A quality group contains the name of a script that contains the functions that will perform quality checks on the data. It also contains the list of checks to perform on a dataset including any parameters.

A check consists of:

  • name - The free-form name you want to give to this check, e.g. Check for zero values
  • expression - The expression to use to run the check. This is usually the function call, e.g. zeroCheck(['SETTLEMENT_PRICE'])

Scoring

Every day that dataset loading occurs, a score is calculated which is a measurement used to indicate how well the process worked that day.

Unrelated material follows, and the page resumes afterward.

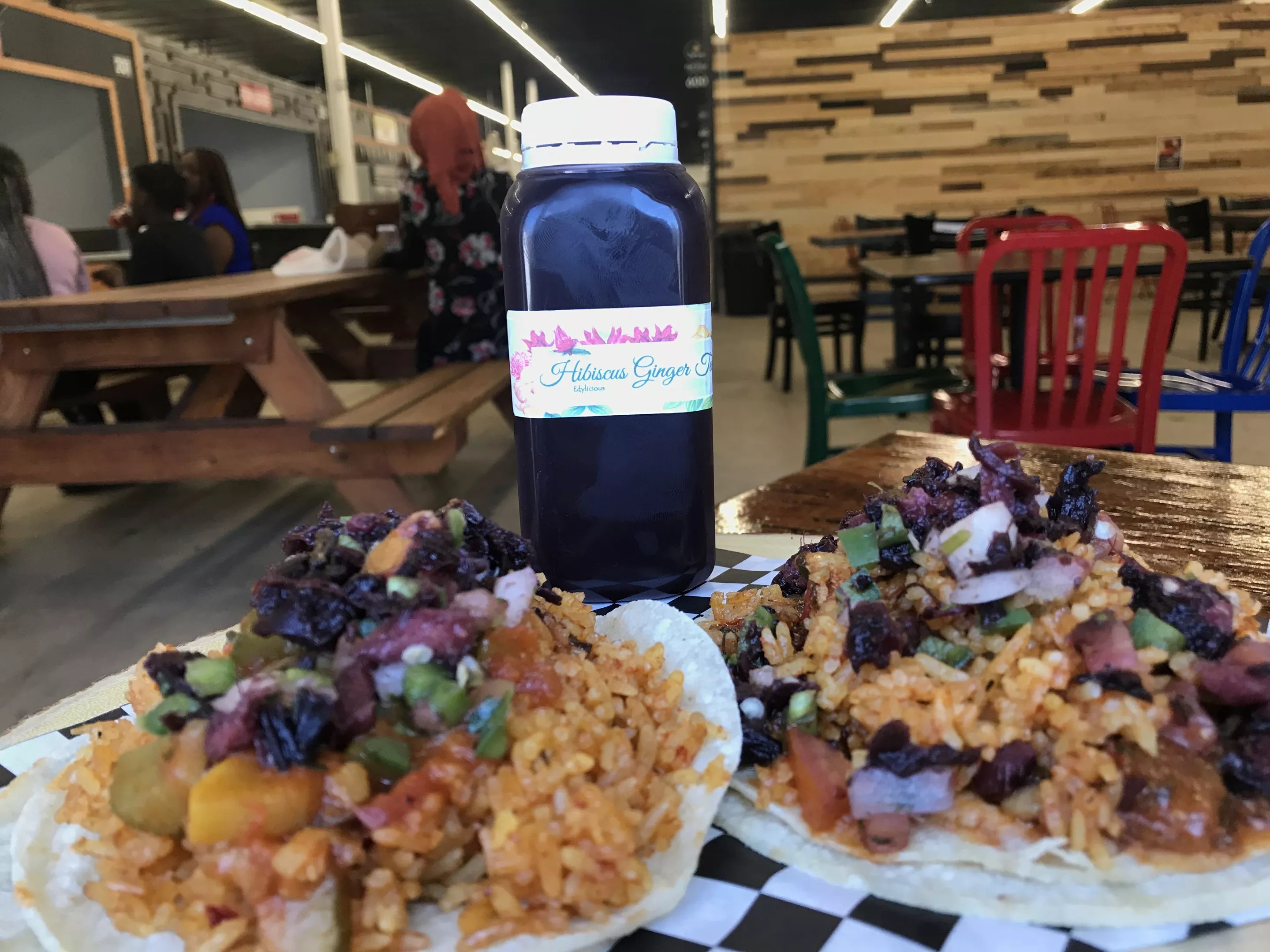 Each taco is topped with a hibiscus, pineapple and ginger salsa fresca, something Odu says takes the tacos’ flavor to another level.

The scores are as follows:

  • 4 - Data was loaded on time
  • 3 - Data was maximum of 1 hour late
  • 2 - Data was between 1 hour and 4 hours late
  • 1 - Data was more than 4 hours late
  • 0 - No data was expected, e.g. a holiday

Monitoring Lifecycle

The dataset delivery record represents the lifecycle for the dataset loading for a single day.

Initialisation

Each day begins with an initialisation of the dataset delivery record. This sets the following default values:

  • status - waiting
  • score - 4 (0 if it is a holiday) ( any lateness will start reducing that number)
  • completeness - 0
  • initialised - the timestamp of when the intialisation was run

Data loaded

When data is loaded that includes a _dsid property, the following occurs:

  • Check for corrections - if the data for this data was previously loaded, it is checked to see if any of the values have changed.
  • Calculate metrics
    • Determine the quantity of tenors by tenor type loaded during this update
    • Determine if all the expected tenors have been loaded
  • Update the timeline and delivery information in the dataset delivery
  • Update the status

Quality checks

Any quality checks that have been configured on the dataset are triggered after data has been loaded. The quality checks are always performed on the entire dataset, not just the most recently loaded.

Check for lateness

Periodically, a process runs that determines if any datasets are late according to the dataset feed time window. If a dataset is determined to be late, the dataset delivery score is updated and a message is sent to any subscriptions that are triggered by a late action.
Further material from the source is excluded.